Question

please see question in the attached file

Answer 1

getting there

Answer 2

i get
\[\sqrt{3}\]

Answer 3

the e = c/a ... for an allipse ; is it the same for a hyperbola tho?

Answer 4

@amistre i think (hope) it is
\[\sqrt{1+\frac{b^2}{a^2}}\]

Answer 5

@007 you want to see the work yes?

Answer 6

and you can check it for mistakes

Answer 7

for hyp we get:

\[e=\frac{\sqrt{a^2+b^2}}{a}\]
where a is the transverse vertex and b is the ghost of a departed ellipse :)

Answer 8

yes

Answer 9

ok start by taking the derivative of
\[\frac{x^2}{a^2}-\frac{y^2}{b^2}=1\] wrt x and get
\[\frac{2x}{a^2}-\frac{2yy'}{b^2}=0\] therefore after some algebra i get
\[y'=\frac{b^2x}{a^2y}\]

Answer 10

which is also: \(\cfrac{\text{focal length}}{\text{transverse axis}}\)

Answer 11

and so by substitution at the point (6,3) the slope is
\[\frac{6b^2}{3a^2}=\frac{2b^2}{a^2}\]
which means the normal line has slope
\[-\frac{a^2}{2b^2}\]

Answer 12

P = (6, 3)
xint = -(9, 0)
-----
-3, 3 ; slope = -1 for the normal

Answer 13

and the equation for the normal line is
\[y-3=-\frac{a^2}{2b^2}(x-6)\]
we know it passes through (9,0) so we know
\[0-3=-\frac{a^2}{2b^2}(9-6)\] i.e.
\[-3=-\frac{a^2}{2b^2}\times 3\] and algebra tells us that therefore
\[\frac{a^2}{2b^2}=1\] so
\[\frac{a^2}{b^2}=2\]

Answer 14

and so
\[e=\sqrt{1+\frac{b^2}{a^2}}=\sqrt{1+2}=\sqrt{3}\]

Answer 15

at last i got an answer please check if its correct
differentiating implicitly i got slope of normal as -ya^2/xb^2
and at given point the slope would be -a^2/2b^2
then equation of normal would be \[y-3=-a ^{2}/2b ^{2}(x-6)\]
but this equation satisfies the point (9,0)
then substituting x and y as 9 and 0 in the above equation i got
2b^=a^2
this give \[e =\sqrt{2b ^{2}+b ^{2}/2b ^{2}}\]
and (3/2)1/2

Answer 16

@amistre did you do this in two lines! dang!

Answer 17

@vikki i made a mistake

Answer 18

f(x,y) = (x/a)^2 - (y/b)^2 - 1

fx = 2x/a
fy = 2y/b

the gradient = (2x/a , 2y/b) ; point = (6,3)
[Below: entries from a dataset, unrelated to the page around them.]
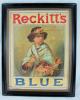 Caption: ORIGINAL RECKITT'S BLUE ADVERTISING CARD IN EARLY EBONISED FRAME C 1920'S |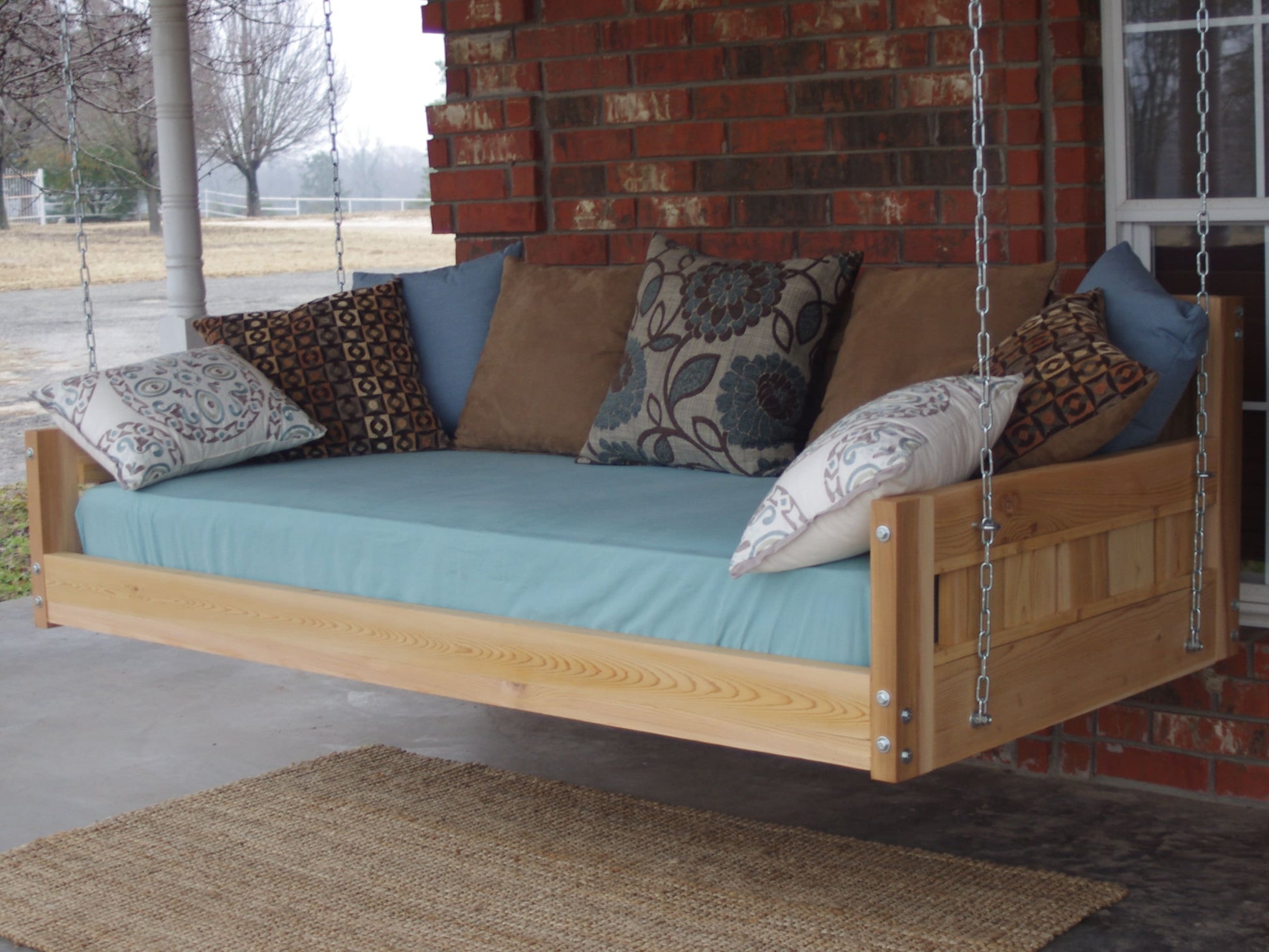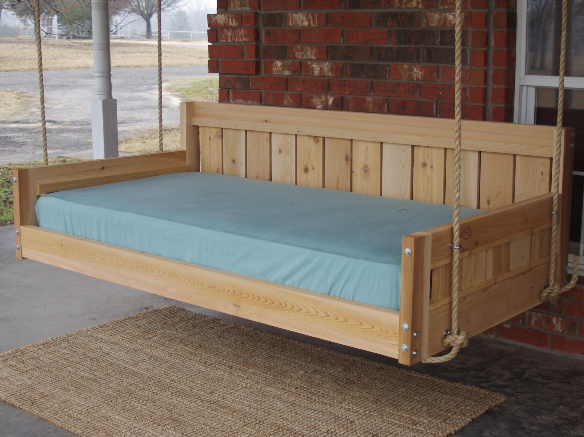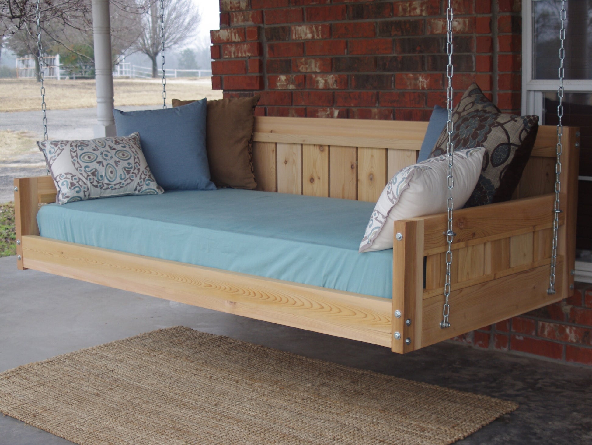 The Country Style Cedar Swinging Daybed comes in four different sizes to accommodate different sized mattress. Enjoy hours of lounging around, reading, napping or anything you can imagine in this wonderful daybed. Please look at the pictures for exact details. Mattress, pillows and linens are not included.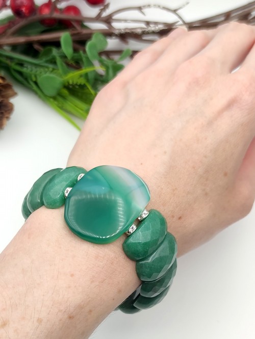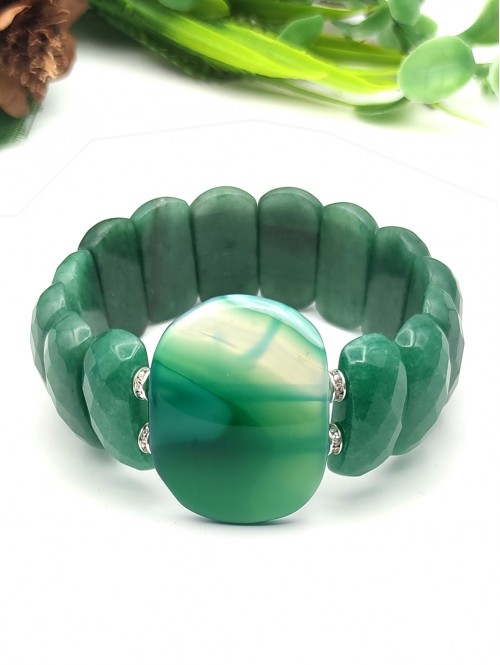 Крупный браслет с зелёным агатом и гранёным авантюрином.

(12/a, 6/b) = (-3 , 3) is what ive developed so far, right or wrong :)

Answer 19

a = -4 ; b=2 right?

Answer 20

@amistre i wasn't using partials, just implicit diff but i made a mistake computing e

Answer 21

vikki has it

Answer 22

e = sqrt(4^2+2^2)/4
= sqrt(16 + 4)/4
= sqrt(4(4+1))/4
= 2 sqrt(5)/4
= sqrt(5)/2

if i did it right that is ... which is a big if :)

Answer 23

wow not sure. i think vikki may have it.

Answer 24

it hard to tell, since this window like to auto adjust straight down to the bottom as you read :)

Answer 25

yeah what's up with that?

Answer 26

vikki you have it for sure
it is
\[\frac{b^2}{a^2}=\frac{1}{2}\] so
\[e=\sqrt{1+\frac{1}{2}}=\sqrt{\frac{3}{2}}\]

Answer 27

if i were to adjust my thinking any it would be in scaling the gradient and the normal, if need be ...

Answer 28

you know way more about this that i do. i think i confused the issue. especially since i used a^2/b^2 instead of the other way around

Answer 29

:) if the answer is sqrt(3/2) than I have to find where I missed it at; wolfram says me "e" is right with what I have. But it doesnt match the choices so I have to wonder where I need to adjust it at

Answer 30

f(x,y) = (x/a)^2 - (y/b)^2 - 1

fx = 2x/a^2
fy = -2y/b^2

the gradient = (2x/a^2 , -2y/b^2) ; point = (6,3)

(12/a^2, -6/b^2) = ( 3 , -3)
..............................................

a^2 = 4
b^2 = 2
..........................................

e = sqrt(a^2 + b^2)/a
= sqrt(4+2)/sqrt(4)
= sqrt(6/4)

= sqrt(3/2)

i had forgotten to do my partials correctly :)

Answer 31

IF u happen to know it 8it can be derived algebraically per above) the equation for a normal to hyperbola can be written

x-x1 / x1/a^2 = y-y1 / y1/b^2

so in this case if u set y = 0 and solve for x using (6,3) gives
x = 6 + 6(b^2/a^2) = 9 -> b^2/a^2 = 1/2